Procure_Health - Hospital Cost Estimation and Suggestion

Inspiration

India processes over 50 million hospitalizations every year, yet the average patient walks into a hospital with almost no idea what it will cost. In Tier 2 cities like Indore, Bhopal, Nagpur, and Lucknow where nearly 65% of India's population lives this problem is dramatically worse. Less than 18% of Indians have any form of health insurance, and of those who do, fewer than half understand what their policy actually covers or which hospitals are empanelled under it.

When a medical emergency strikes, a family faces a cascade of unanswered questions simultaneously: Which hospital should we go to? How far is it? What do other patients say about it? Will our insurance work there? If we take a loan, how much do we actually need too much means paying extra interest for years, too little means paying out of pocket at the worst possible moment. What will the surgery actually cost at this specific hospital, in this city, in this tier? Does the doctor here have good outcomes for this condition?

These are not luxury questions. They are survival questions. And today, no single tool answers them together.
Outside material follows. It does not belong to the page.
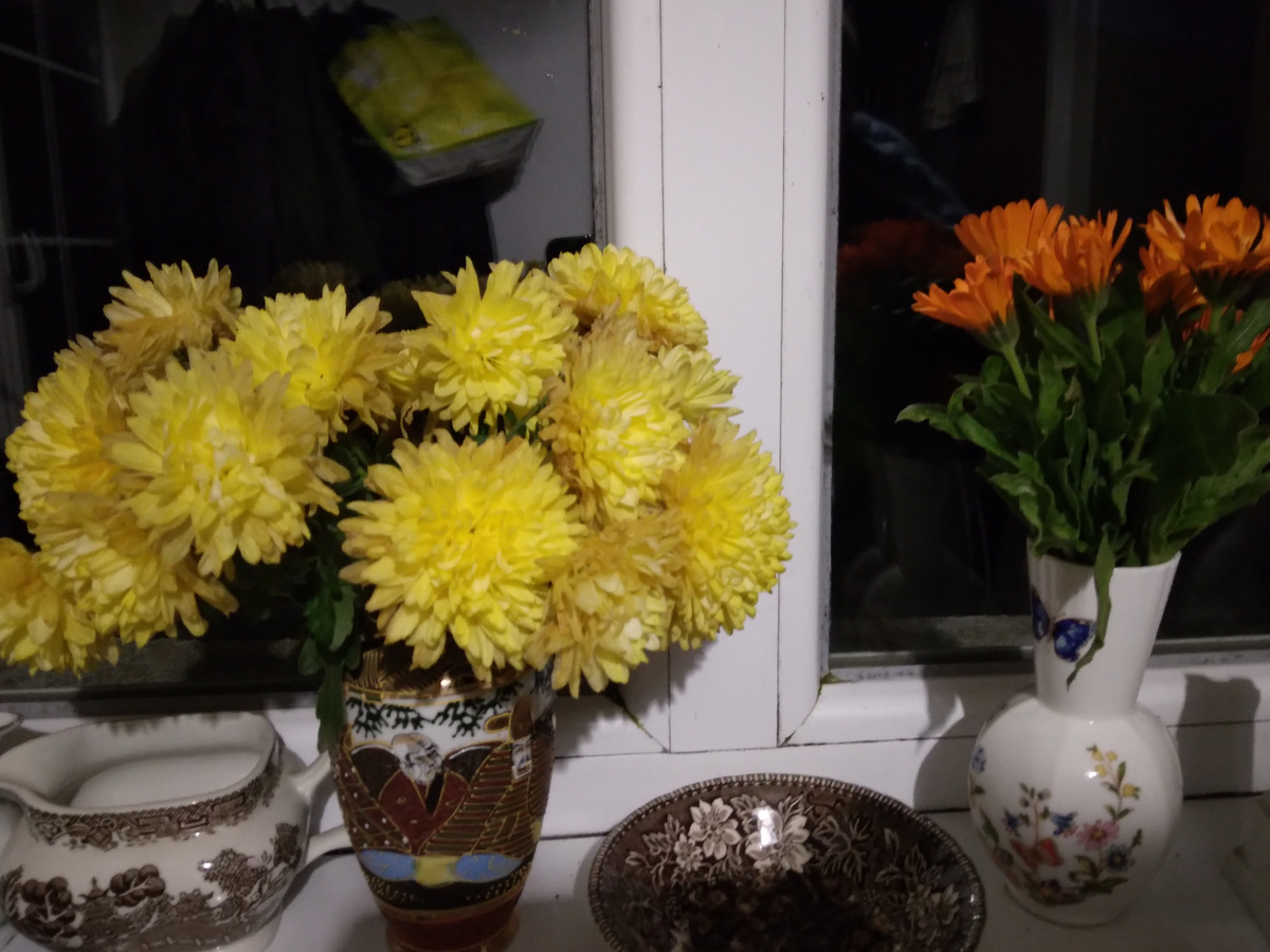 Однако даже по ночам температуры всё ещё плюсовые, минус ночью обещают только с конца будущей недели, так что ещё кое- где держатся хризантемы и ноготки. Мне даже по случаю достался букет жёлтых хризантем. Половину цветов я отдала Марине Георгиевне и она написала с ними этюд.
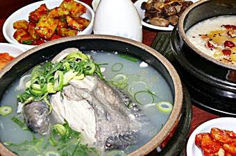 参鶏湯、あわびのお粥、鶏と野菜鍋、海鮮お好み焼など

We also recognized a parallel problem on the lender side. Medical loan approvals at NBFCs like Poonawalla Fincorp are often delayed or mispriced because the loan officer has no reliable procedure level cost benchmark. They rely on rough estimates, patient provided bills, or broad city averages none of which account for hospital tier, room type, comorbidities, or NPPA regulated implant costs. This leads to under sanctioned loans that leave patients scrambling, or over sanctioned amounts that increase NPA risk.

Precure_ was built to solve both sides of this problem at once giving patients clarity and giving lenders confidence.

What it does

Precure_ is an AI powered healthcare cost navigator and hospital recommendation engine, accessible as a conversational agent on the Prompt Opinion platform.

For patients:

When a user describes their situation "my father needs knee replacement in Delhi, we have a 4 lakh insurance policy" the system immediately calculates a fully itemized cost estimate broken into two buckets: variable costs (surgery package, room charges, ICU, medications) and fixed/capped costs (NPPA regulated implants and technology fees). It tells them exactly what their insurance covers, what the out of pocket gap is, and whether a medical loan is needed and if so, precisely how much to borrow.

It then suggests the top hospitals for that procedure in their city, ranked not just by Google rating but by a multi factor algorithm combining real patient review sentiment (using VADER NLP), specialty focus, accreditation status, doctor reputation from patient reviews, and geographic proximity. Users see which doctors at those hospitals are specifically praised for that specialty, what past patients said, and what to watch out for.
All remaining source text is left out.